• The records:
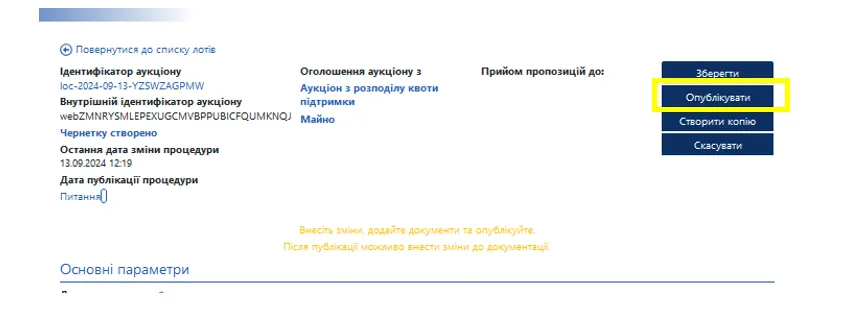 Після завантаження документів натисніть кнопку «Опублікувати», аукціон буде опубліковано в електронній торговій системі.
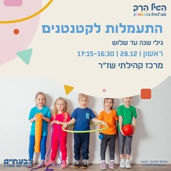 התעמלות לקטנטנים במרכז קהילתי שז"ר בגבעתיים: מפגש חוויתי המשלב תנועה, יוגה וספורט לחיזוק הגוף ופיתוח קואורדינציה לגילאי שנה עד שלוש
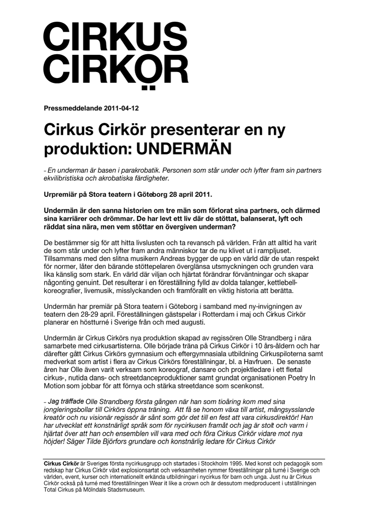 Cirkus Cirkör presenterar en ny produktion: UNDERMÄN
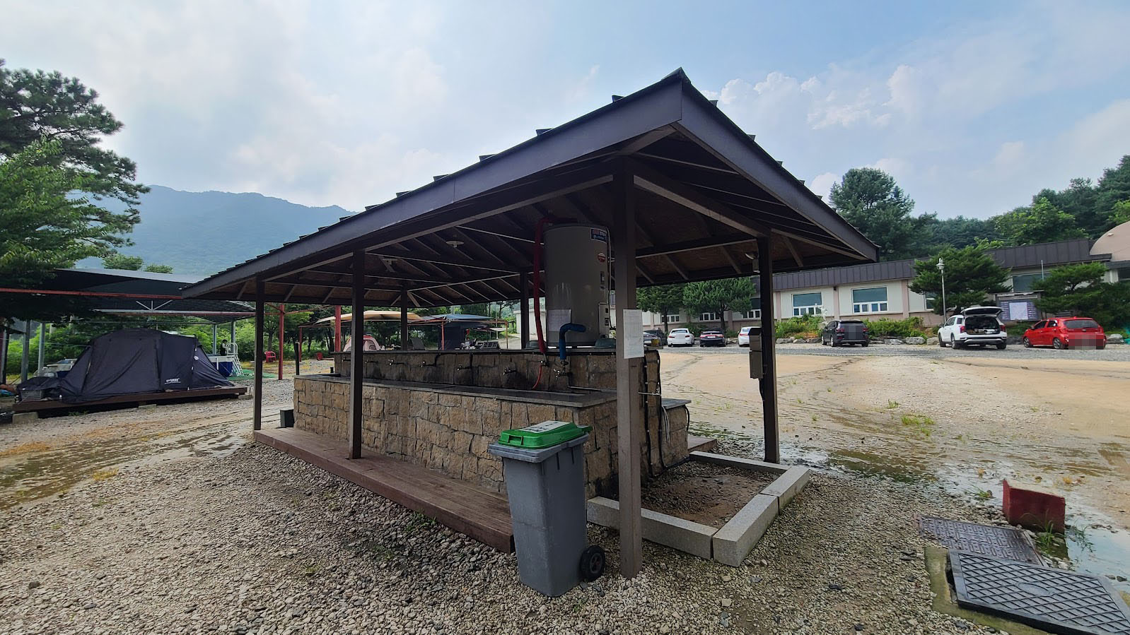 일단 위 사진에서도 볼 수 있듯이 영지 위에는 캐노피가 쳐 있는데, 이건 비막이 용도보다는 햇볕 차단용이라 비가 올 때 본격적으로 막아주긴 좀 부족합니다. 그리고 서울캠핑장에 따라서는 이것도 없거나 보수중인 경우도 있기에 이 경우는 그냥 재수가 없다 생각하시면 되겠습니다. 두 번째 사진에서 데크 옆에 뭔가 쳐져 있는 것은 제 개인용 셸터이며, 저 안에 나무 테이블이 있습니다. 하필 도착한 직후에 짧게 비가 오는 바람에 비를 맞으며 급히 저걸 쳐야 했고, 30분 지나니 햇볕이 쨍쨍 내리쬐며 찜구이가 되어야 했다는 슬픈 문제가 있습니다.T_T
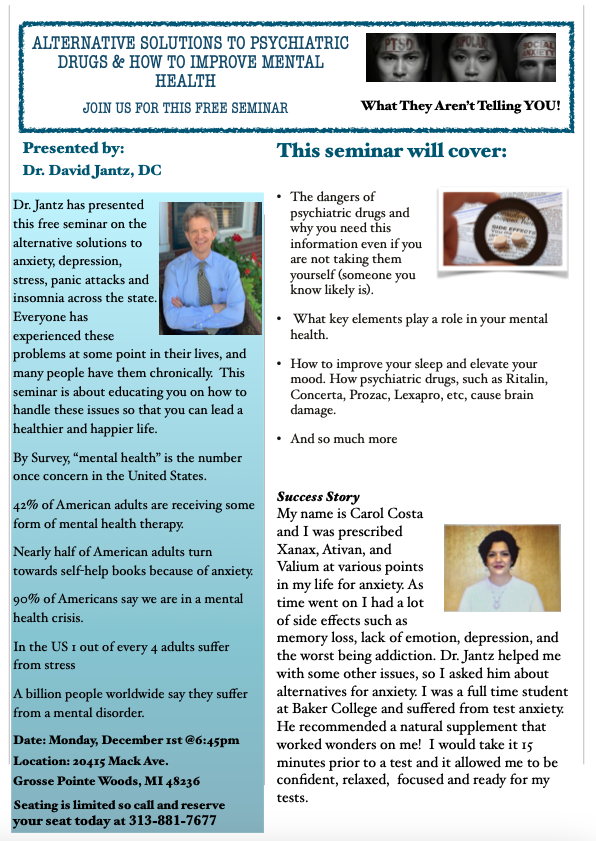 Dr. Jantz has been delivering this vital seminar to schools, other healthcare practitioners and our patients here. The message is more important than ever. Every one of us has been impacted by the dangerous and false solutions being given to our friends and family who experienced mental health issues. Here are some statistics to show you how widespread this problem is:
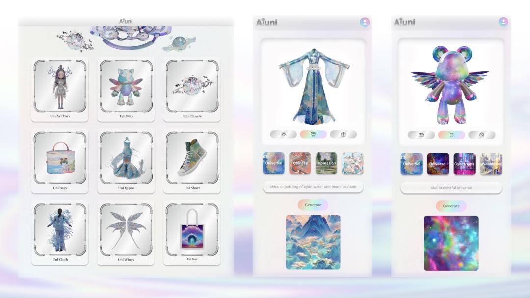 图/AVAR产品Aiuni中AI生成的数字商品
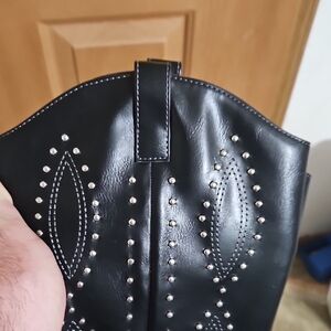 Step out in style with these elegant black studded over the knee boots. Perfect for adding a touch of sophistication to any outfit.
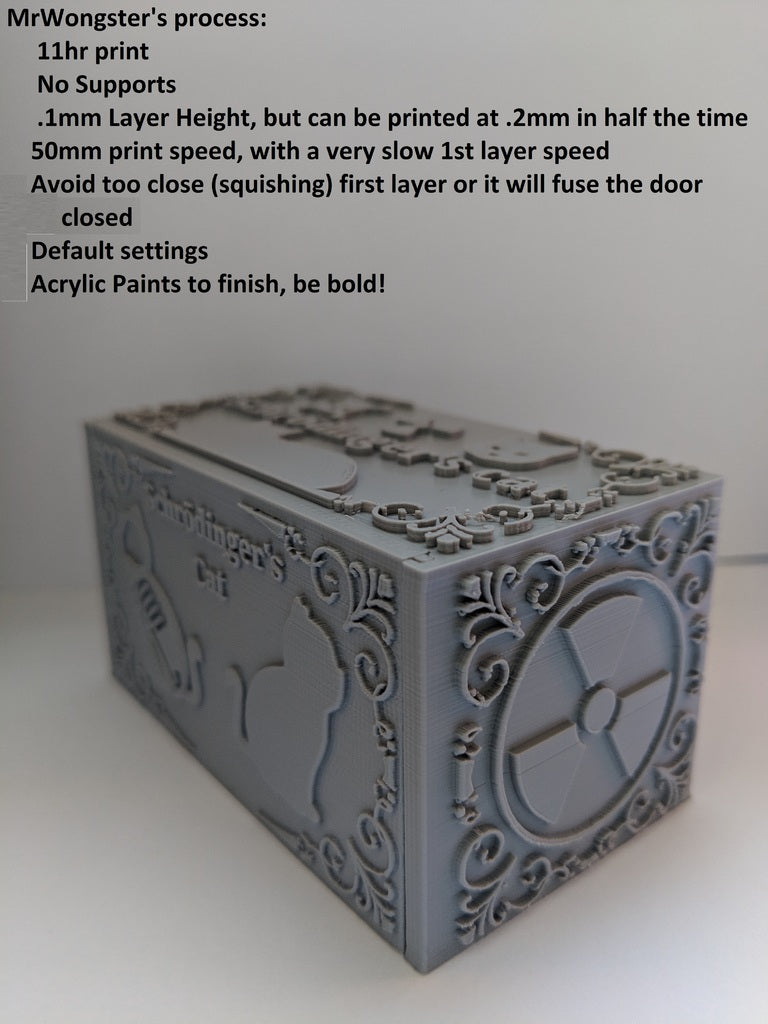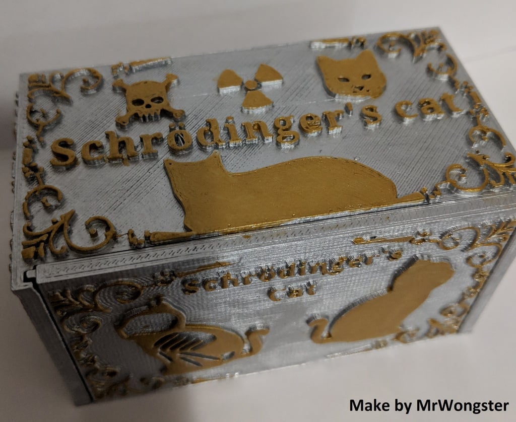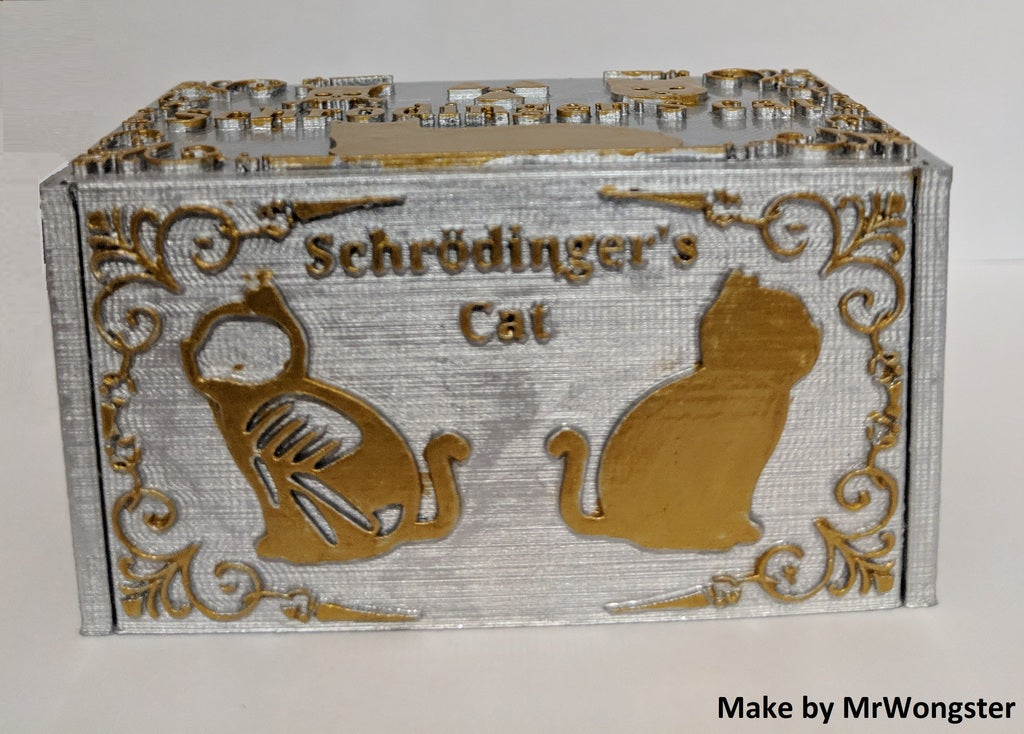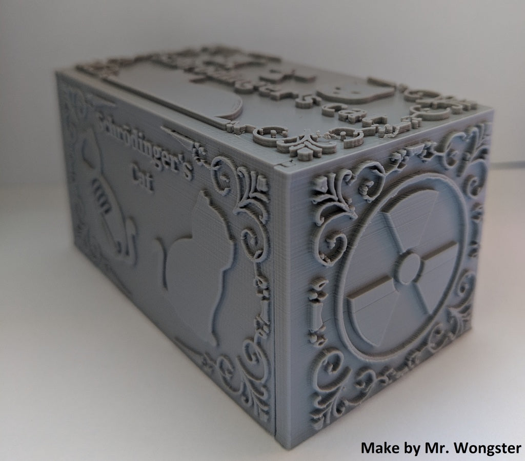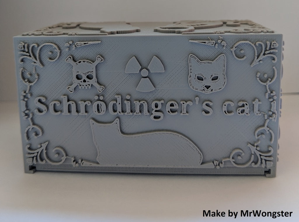 Schrödinger's Cat is a 3D printing model that illustrates Erwin Schrödinger's thought experiment. After downloading the necessary files, you can select a random STL file that contains either a living or dead cat. Regardless of which one you choose, you will only discover which model you have selected once the print is finished and you open the box. This product serves as a conversation starter, an illustration of quantum physics, and a fun desk decoration for all physics enthusiasts.
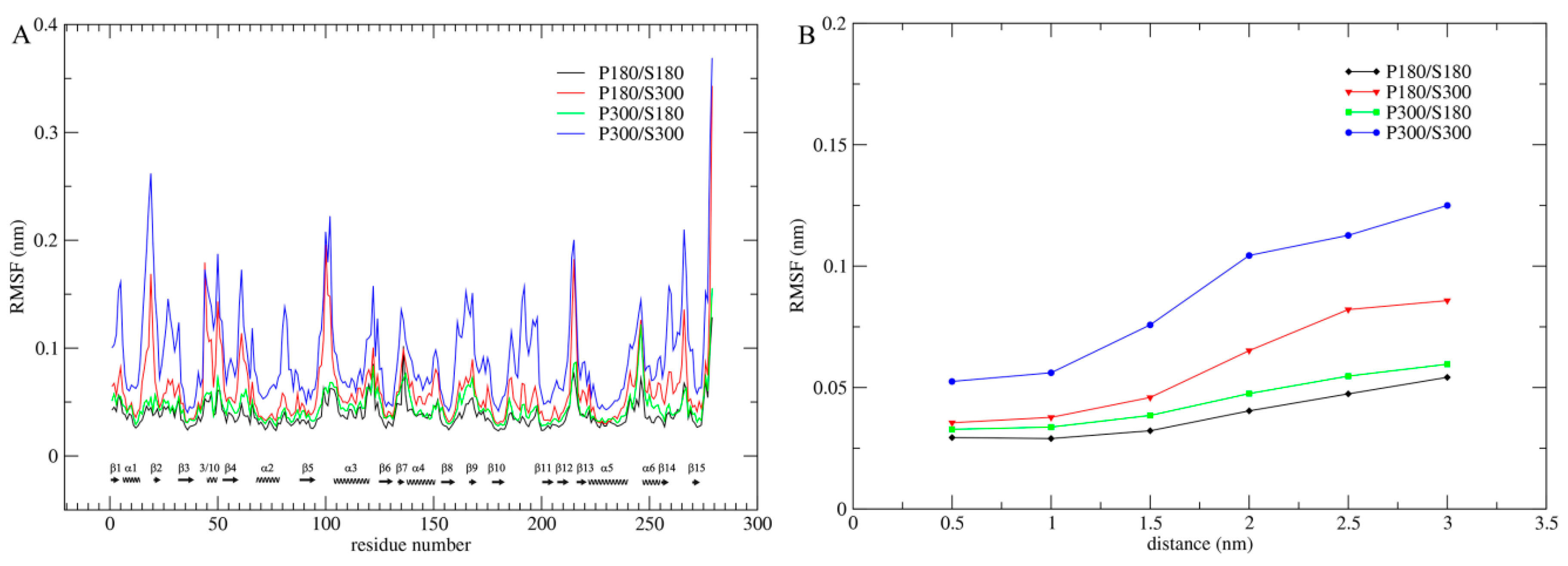 Figure 1B, whether at the protein surface or in the protein core, the RMSF values are in an order P300/S300 > P180/S300 > P300/S180 > P180/S180 and, for these four combinations, a consistent trend is observed: RMSF values increase with increased distance from the protein core to the surface. However, the degree of this increase is different, with the most dramatic increase observed for P300/S300, large increase for P180/S300, and small increase for P300/S180 and P180/S180, ultimately leading to the amplitudes of atomic fluctuations, which are distributed over the entire protein structure, in the order P300/S300 > P180/S300 > P300/S180 > P180/S180.
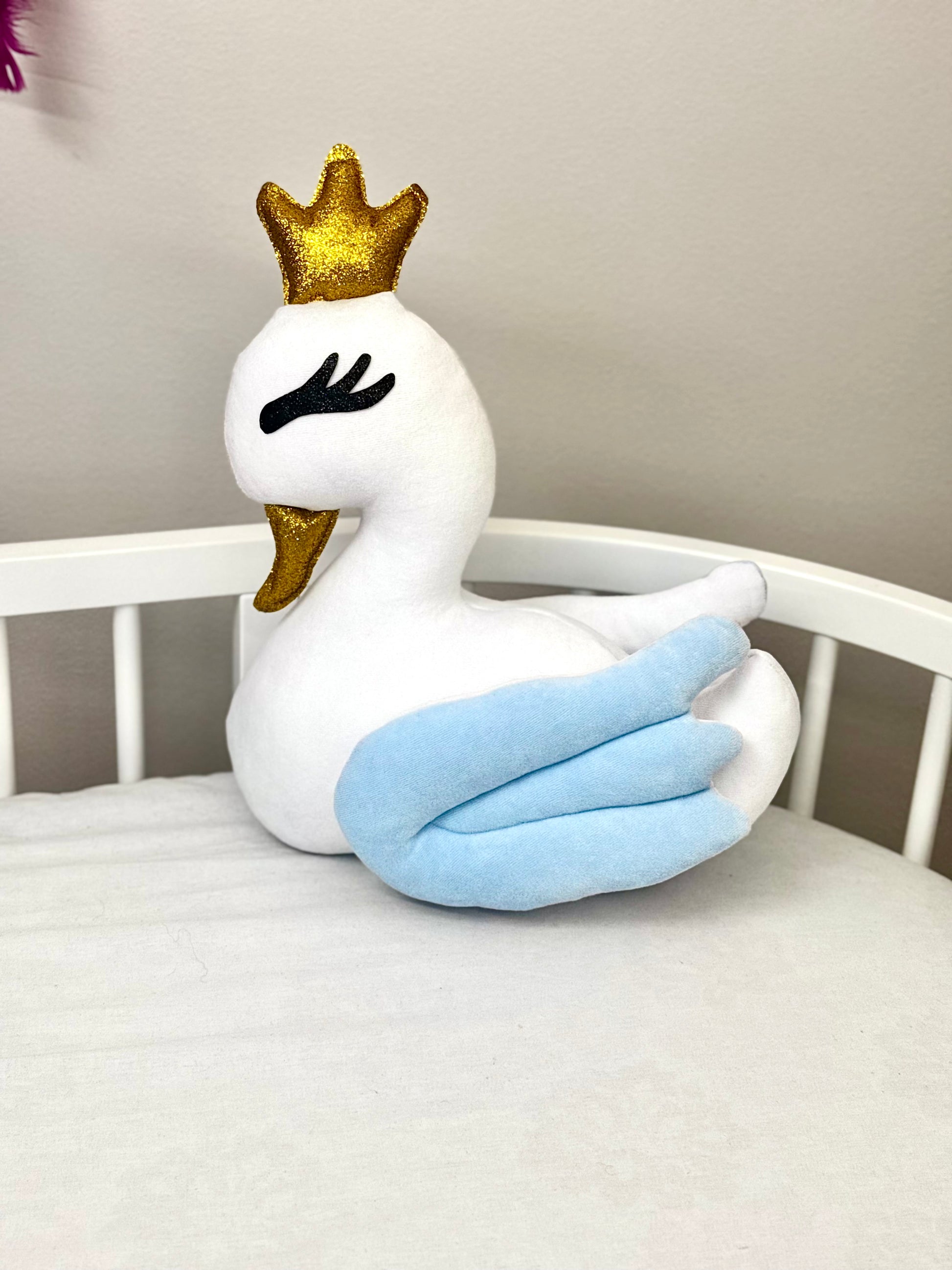 Lebădă decorativă din velur moale cu umplutură hipoalergenică – decor pentru camera copilului. Albastru deschis

• Work request: Once the pictures are set aside, write out the entries verbatim.

• Task answer:
 Після завантаження документів натисніть кнопку «Опублікувати», аукціон буде опубліковано в електронній торговій системі.
 התעמלות לקטנטנים במרכז קהילתי שז"ר בגבעתיים: מפגש חוויתי המשלב תנועה, יוגה וספורט לחיזוק הגוף ופיתוח קואורדינציה לגילאי שנה עד שלוש
 Cirkus Cirkör presenterar en ny produktion: UNDERMÄN
 일단 위 사진에서도 볼 수 있듯이 영지 위에는 캐노피가 쳐 있는데, 이건 비막이 용도보다는 햇볕 차단용이라 비가 올 때 본격적으로 막아주긴 좀 부족합니다. 그리고 서울캠핑장에 따라서는 이것도 없거나 보수중인 경우도 있기에 이 경우는 그냥 재수가 없다 생각하시면 되겠습니다. 두 번째 사진에서 데크 옆에 뭔가 쳐져 있는 것은 제 개인용 셸터이며, 저 안에 나무 테이블이 있습니다. 하필 도착한 직후에 짧게 비가 오는 바람에 비를 맞으며 급히 저걸 쳐야 했고, 30분 지나니 햇볕이 쨍쨍 내리쬐며 찜구이가 되어야 했다는 슬픈 문제가 있습니다.T_T
 Dr. Jantz has been delivering this vital seminar to schools, other healthcare practitioners and our patients here. The message is more important than ever. Every one of us has been impacted by the dangerous and false solutions being given to our friends and family who experienced mental health issues. Here are some statistics to show you how widespread this problem is:
 图/AVAR产品Aiuni中AI生成的数字商品
 Step out in style with these elegant black studded over the knee boots. Perfect for adding a touch of sophistication to any outfit.
 Schrödinger's Cat is a 3D printing model that illustrates Erwin Schrödinger's thought experiment. After downloading the necessary files, you can select a random STL file that contains either a living or dead cat. Regardless of which one you choose, you will only discover which model you have selected once the print is finished and you open the box. This product serves as a conversation starter, an illustration of quantum physics, and a fun desk decoration for all physics enthusiasts.
 Figure 1B, whether at the protein surface or in the protein core, the RMSF values are in an order P300/S300 > P180/S300 > P300/S180 > P180/S180 and, for these four combinations, a consistent trend is observed: RMSF values increase with increased distance from the protein core to the surface. However, the degree of this increase is different, with the most dramatic increase observed for P300/S300, large increase for P180/S300, and small increase for P300/S180 and P180/S180, ultimately leading to the amplitudes of atomic fluctuations, which are distributed over the entire protein structure, in the order P300/S300 > P180/S300 > P300/S180 > P180/S180.
 Lebădă decorativă din velur moale cu umplutură hipoalergenică – decor pentru camera copilului. Albastru deschis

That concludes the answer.